Ultrasound Characterization of Microbead and Cell Suspensions by Speed of Sound Measurements of Neutrally Buoyant Samples.

We present an experimental method including error analysis for the measurement of the density and compressibility of cells and microbeads; these being the two central material properties in ultrasound-based acoustophoretic applications such as particle separation, trapping, and up-concentration. The density of the microparticles is determined by using a neutrally buoyant selection process that involves centrifuging of microparticles suspended in different density solutions, CsCl for microbeads and Percoll for cells. The speed of sound at 3 MHz in the neutrally buoyant suspensions is measured as a function of the microparticle volume fraction, and from this the compressibility of the microparticles is inferred. Finally, from the obtained compressibility and density, the acoustic scattering coefficients and contrast factor of the microparticles are determined, and in a sensitivity analysis, the impact of the measurement errors on the computed acoustic properties is reported. The determination of these parameters and their uncertainties allow for accurate predictions of the acoustophoretic response of the microparticles.
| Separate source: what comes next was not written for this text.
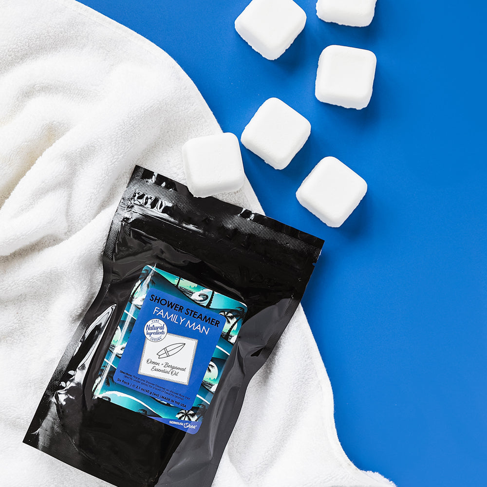 • Shower steamers can be left on the shower floor or placed on a soap dish when not in use to preserve it for your next shower (it’s normal for the steamer to dry up without the water running on it)

The method is validated by determining the density (0.1-1% relative uncertainty) and compressibility (1-3% relative uncertainty) of previously well-characterized polymer microbeads and subsequently applied to determine the density (0.1-1% relative uncertainty), compressibility (1% relative uncertainty), scattering coefficients, and acoustic contrast factors for nonfixed and fixed cells, such as red blood cells, white blood cells, DU-145 prostate cancer cells, MCF-7 breast cancer cells, and LU-HNSCC-25 head and neck squamous carcinoma cells in phosphate buffered saline. The results show agreement with published data obtained by other methods.